__REQUIREMENT__:
Write the lines out again, from the top of the material to the line containing "Cocina con horno, batidora, olla", pictures excluded.

__DATA EXTRACT__:
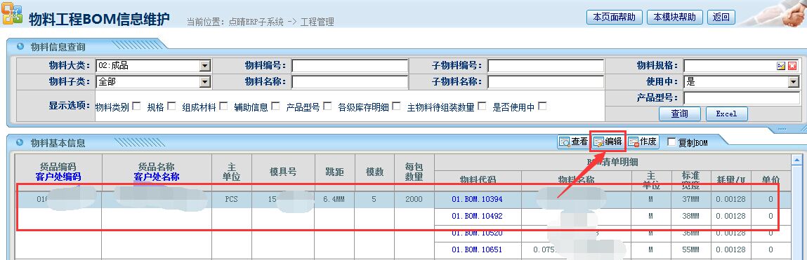 选中BOM明细进行编辑:
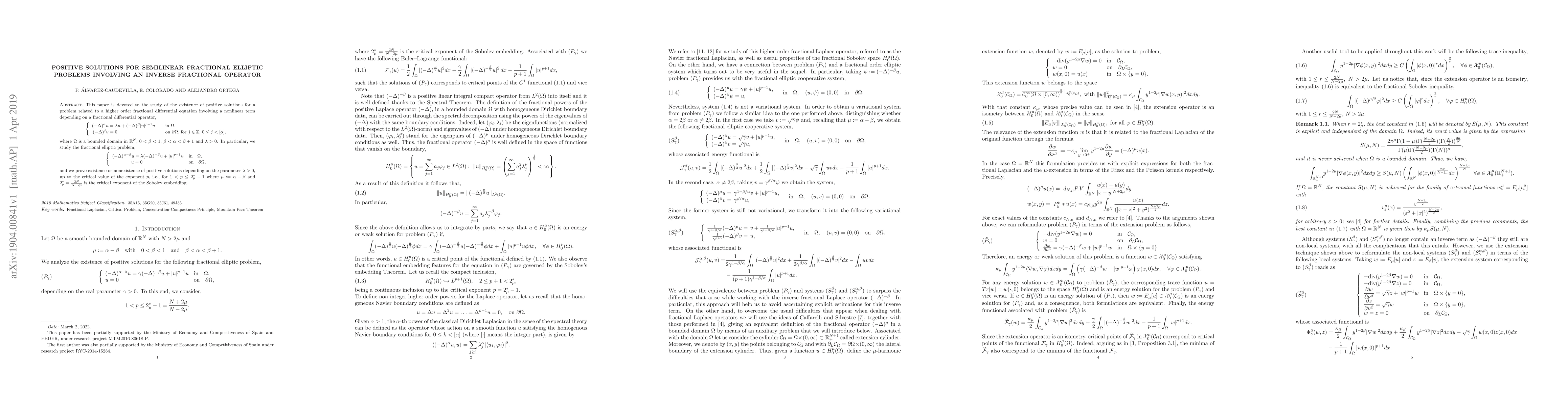This paper is devoted to the study of the existence of positive solutions for a problem related to a higher order fractional differential equation involving a nonlinear term depending on a fractional differential operator, $$(-\Delta)^{\alpha} u=\lambda u+ (-\Delta)^{\beta}|u|^{p-1}u \quad \mbox{in}\quad \Omega;\qquad (-\Delta)^{j}u=0\quad \mbox{on}\quad \partial\Omega,\quad \mbox{for}\quad j\in\mathbb{Z},\: 0\leq j< [\alpha]$$ where $\Omega$ is a bounded domain in $\mathbb{R}^{N}$, $0<\beta<1$, $\beta<\alpha<\beta+1$ and $\lambda>0$. In particular, we study the fractional elliptic problem, $$ (-\Delta)^{\alpha-\beta} u= \lambda(-\Delta)^{-\beta}u+ |u|^{p-1}u \quad\mbox{in} \quad \Omega;\qquad u=0 \quad \hbox{on} \quad \partial\Omega,$$ and we prove existence or nonexistence of positive solutions depending on the parameter $\lambda>0$, up to the critical value of the exponent $p$, i.e., for $1
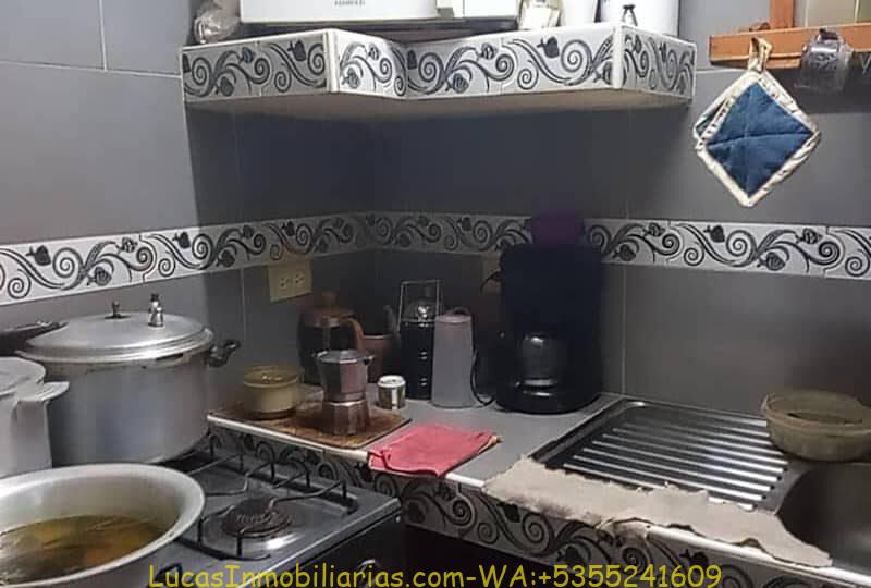 Cocina con horno, batidora, olla reina,  arrocera, cafetera electrónica, tv, lavadora, dos camas una 3/4 y otra camera, dos clóset, un juego de muebles, apliques en fin todo.
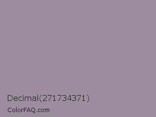 Decimal 271734371 Color is a normal magenta color and the nearest color is Mountain Mist #959396. Hex code #9d8e9f and RGB value is rgb(157,142,159). In RGB color space, this color is composed of 62% red, 56% green, 62% blue, In CMYK color space, this color is composed of 1% cyan, 11% magenta, 0% yellow , 38% black , In HSL color space, this color has a hue angle of 293° , 8% saturation and 59% lightness.

__RESPONSE__:
 选中BOM明细进行编辑:
This paper is devoted to the study of the existence of positive solutions for a problem related to a higher order fractional differential equation involving a nonlinear term depending on a fractional differential operator, $$(-\Delta)^{\alpha} u=\lambda u+ (-\Delta)^{\beta}|u|^{p-1}u \quad \mbox{in}\quad \Omega;\qquad (-\Delta)^{j}u=0\quad \mbox{on}\quad \partial\Omega,\quad \mbox{for}\quad j\in\mathbb{Z},\: 0\leq j< [\alpha]$$ where $\Omega$ is a bounded domain in $\mathbb{R}^{N}$, $0<\beta<1$, $\beta<\alpha<\beta+1$ and $\lambda>0$. In particular, we study the fractional elliptic problem, $$ (-\Delta)^{\alpha-\beta} u= \lambda(-\Delta)^{-\beta}u+ |u|^{p-1}u \quad\mbox{in} \quad \Omega;\qquad u=0 \quad \hbox{on} \quad \partial\Omega,$$ and we prove existence or nonexistence of positive solutions depending on the parameter $\lambda>0$, up to the critical value of the exponent $p$, i.e., for $1
 Cocina con horno, batidora, olla reina,  arrocera, cafetera electrónica, tv, lavadora, dos camas una 3/4 y otra camera, dos clóset, un juego de muebles, apliques en fin todo.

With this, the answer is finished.